(Record extracts)
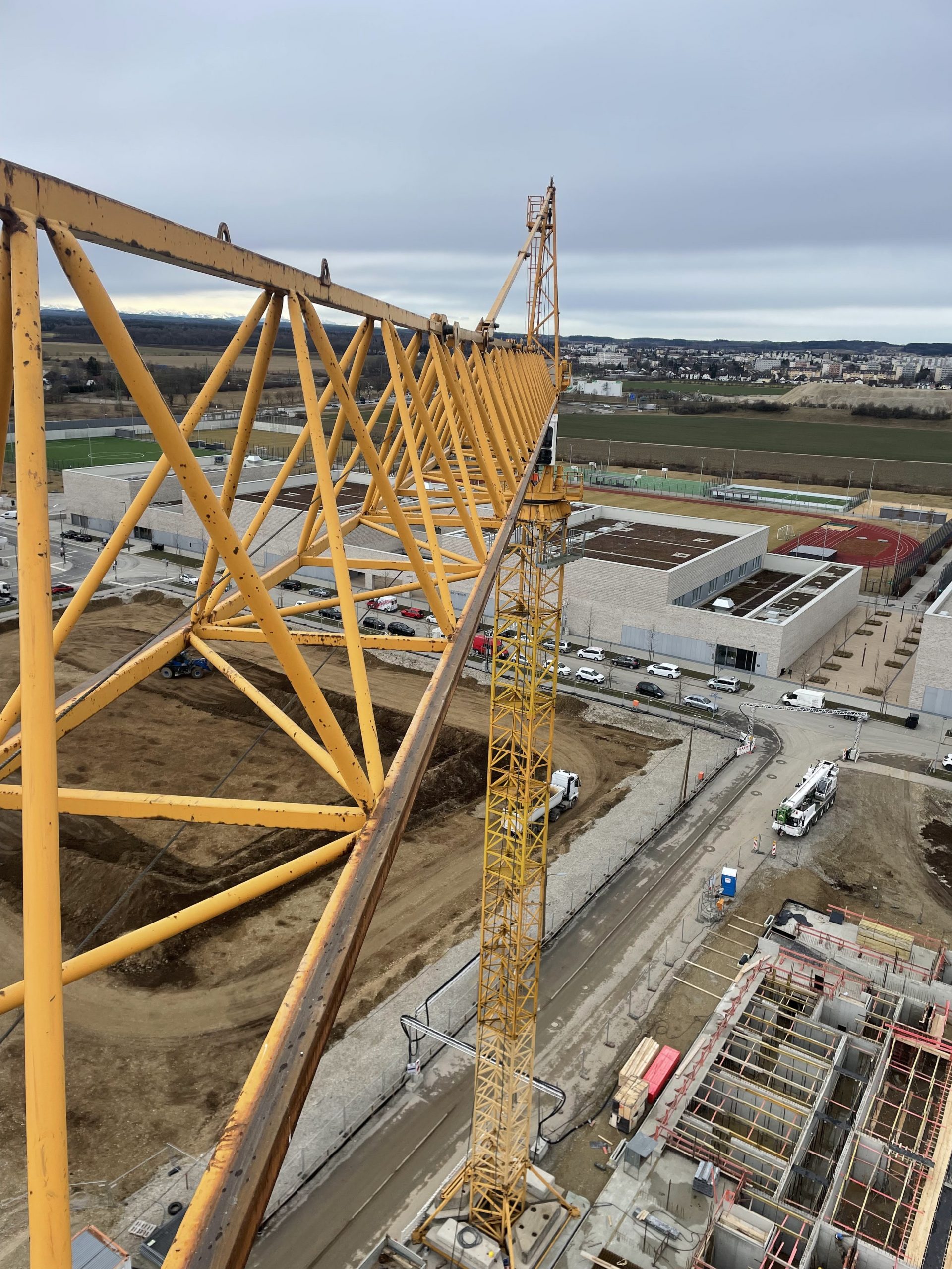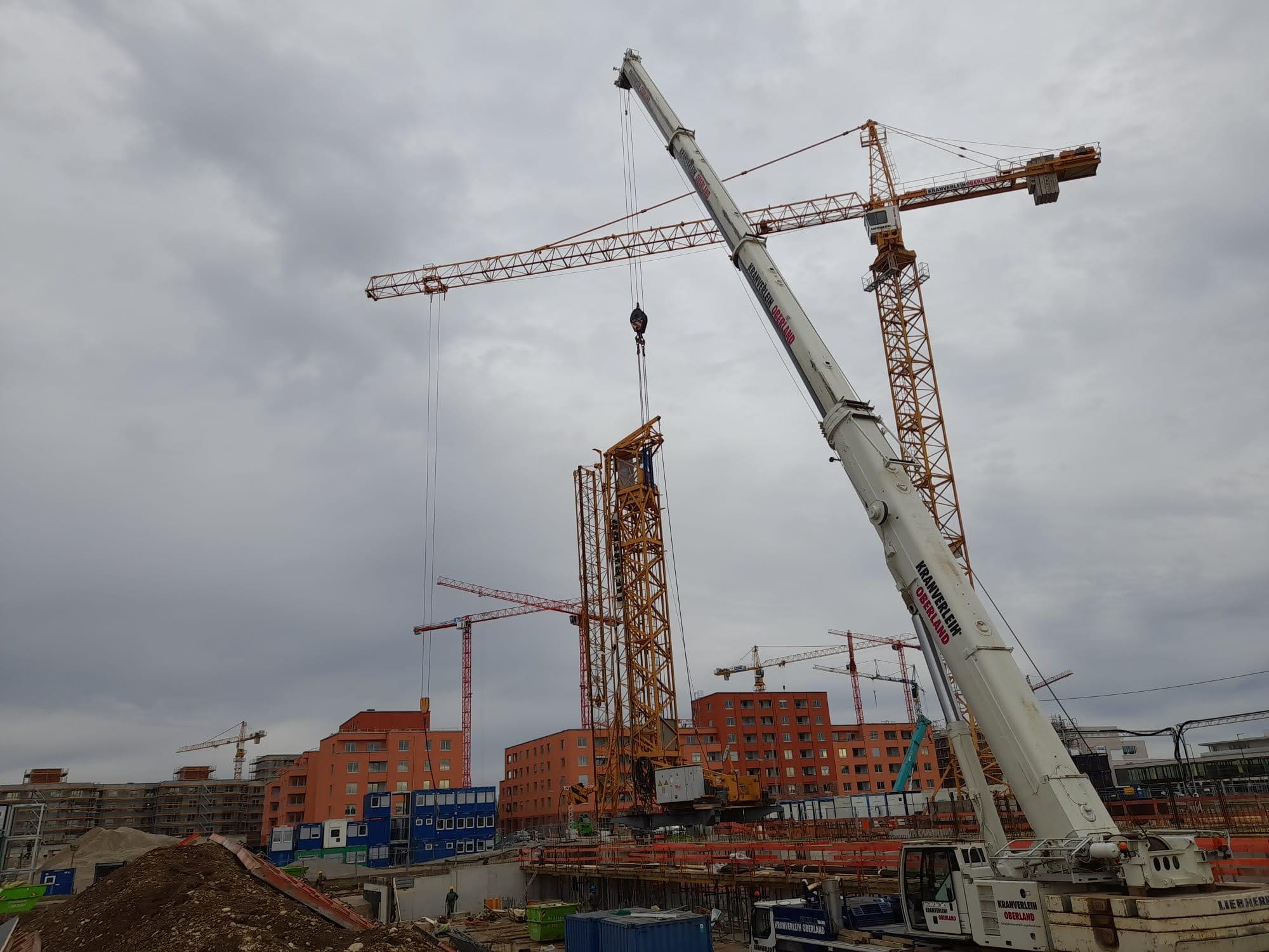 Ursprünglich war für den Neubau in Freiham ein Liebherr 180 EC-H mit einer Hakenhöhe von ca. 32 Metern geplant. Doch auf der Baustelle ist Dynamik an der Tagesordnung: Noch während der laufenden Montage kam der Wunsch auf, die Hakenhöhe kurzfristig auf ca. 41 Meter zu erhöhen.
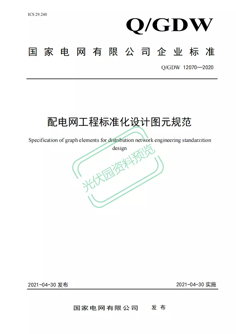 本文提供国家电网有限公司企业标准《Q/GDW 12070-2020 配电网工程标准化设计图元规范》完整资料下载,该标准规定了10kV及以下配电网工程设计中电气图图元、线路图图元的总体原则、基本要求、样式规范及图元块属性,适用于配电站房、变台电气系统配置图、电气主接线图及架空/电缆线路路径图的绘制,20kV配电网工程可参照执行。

...

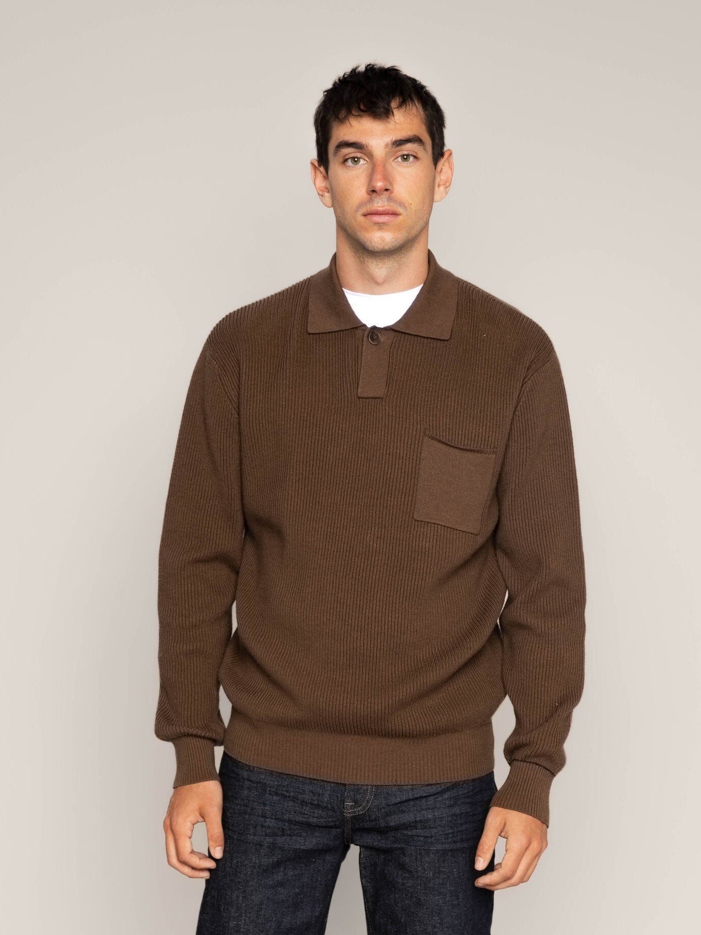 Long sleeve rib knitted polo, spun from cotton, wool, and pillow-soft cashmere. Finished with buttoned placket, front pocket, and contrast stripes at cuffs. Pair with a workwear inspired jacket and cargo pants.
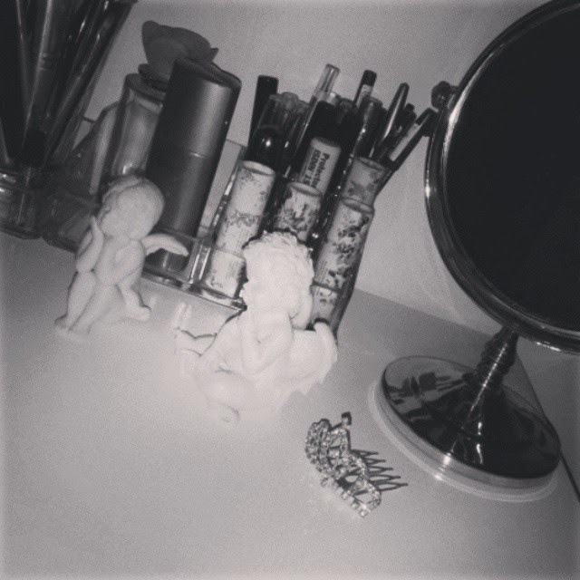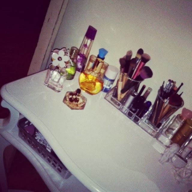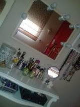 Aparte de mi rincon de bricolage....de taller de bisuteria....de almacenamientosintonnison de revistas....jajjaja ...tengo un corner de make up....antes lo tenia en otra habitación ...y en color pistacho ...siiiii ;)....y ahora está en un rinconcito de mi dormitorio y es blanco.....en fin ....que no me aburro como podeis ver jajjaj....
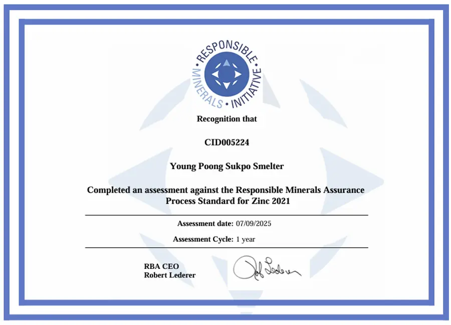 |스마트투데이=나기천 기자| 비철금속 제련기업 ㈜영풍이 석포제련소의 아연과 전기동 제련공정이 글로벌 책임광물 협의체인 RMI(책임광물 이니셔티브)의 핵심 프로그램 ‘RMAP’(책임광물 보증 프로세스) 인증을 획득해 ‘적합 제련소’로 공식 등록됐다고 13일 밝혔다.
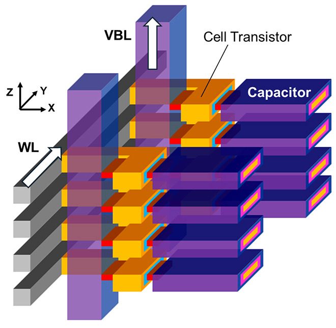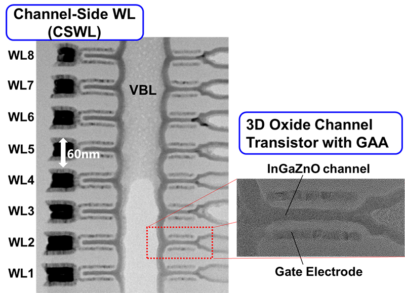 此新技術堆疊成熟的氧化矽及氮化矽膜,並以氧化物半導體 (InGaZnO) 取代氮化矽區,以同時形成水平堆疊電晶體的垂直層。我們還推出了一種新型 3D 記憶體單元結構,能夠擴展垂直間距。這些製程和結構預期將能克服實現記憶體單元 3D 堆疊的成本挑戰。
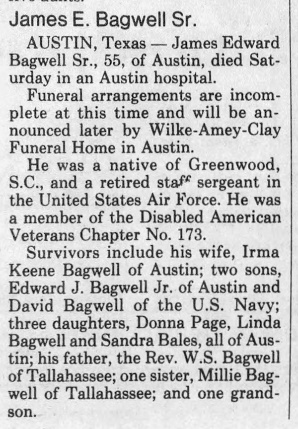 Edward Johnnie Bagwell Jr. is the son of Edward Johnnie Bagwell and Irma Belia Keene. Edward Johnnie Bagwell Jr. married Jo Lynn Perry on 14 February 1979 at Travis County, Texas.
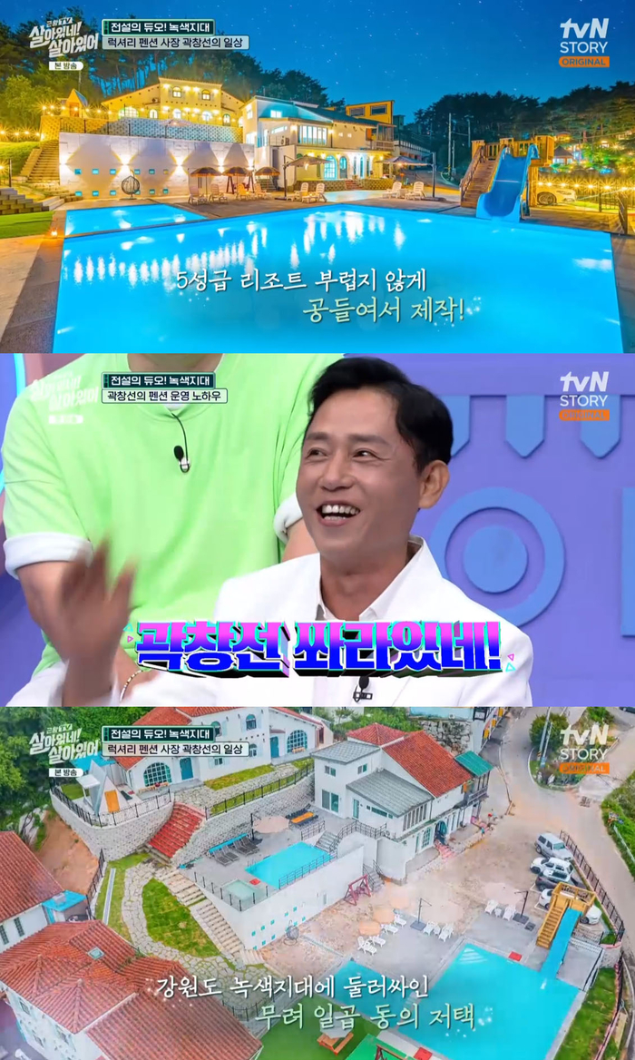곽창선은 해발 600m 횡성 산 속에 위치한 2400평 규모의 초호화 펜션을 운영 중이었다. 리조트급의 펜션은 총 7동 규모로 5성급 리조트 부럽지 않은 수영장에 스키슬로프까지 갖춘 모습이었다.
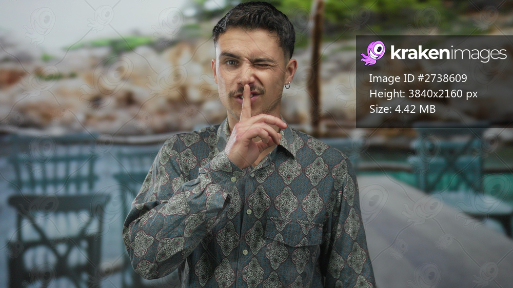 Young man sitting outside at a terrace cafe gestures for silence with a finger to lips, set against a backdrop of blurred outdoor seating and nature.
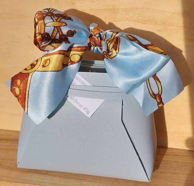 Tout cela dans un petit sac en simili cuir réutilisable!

--

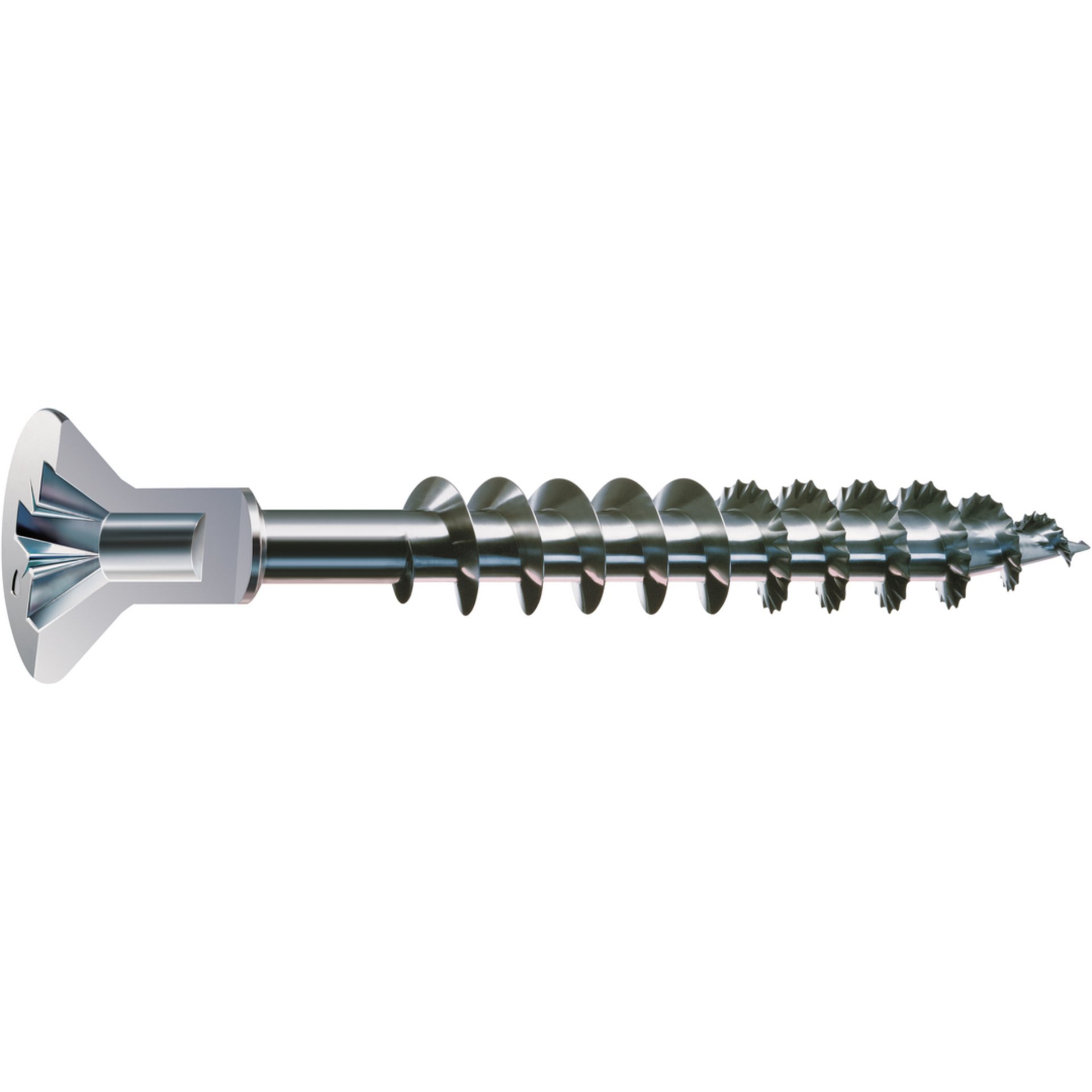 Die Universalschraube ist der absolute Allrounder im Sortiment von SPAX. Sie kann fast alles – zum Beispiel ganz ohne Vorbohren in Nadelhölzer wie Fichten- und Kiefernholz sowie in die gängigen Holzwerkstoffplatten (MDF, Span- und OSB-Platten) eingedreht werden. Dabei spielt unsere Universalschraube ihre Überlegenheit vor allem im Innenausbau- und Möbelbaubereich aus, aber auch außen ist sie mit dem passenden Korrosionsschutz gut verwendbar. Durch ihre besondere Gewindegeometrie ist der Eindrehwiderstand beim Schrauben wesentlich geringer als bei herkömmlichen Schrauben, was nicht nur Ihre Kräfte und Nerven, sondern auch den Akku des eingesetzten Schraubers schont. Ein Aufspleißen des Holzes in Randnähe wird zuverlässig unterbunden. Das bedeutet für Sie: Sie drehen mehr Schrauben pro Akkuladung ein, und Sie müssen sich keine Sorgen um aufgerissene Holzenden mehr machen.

(Task requirements) Start with the line above containing "곽창선은 해발 600m" and end with the line containing "Tout cela dans". Set down that stretch exactly, without any pictures.

(Answer space)
곽창선은 해발 600m 횡성 산 속에 위치한 2400평 규모의 초호화 펜션을 운영 중이었다. 리조트급의 펜션은 총 7동 규모로 5성급 리조트 부럽지 않은 수영장에 스키슬로프까지 갖춘 모습이었다.
 Young man sitting outside at a terrace cafe gestures for silence with a finger to lips, set against a backdrop of blurred outdoor seating and nature.
 Tout cela dans un petit sac en simili cuir réutilisable!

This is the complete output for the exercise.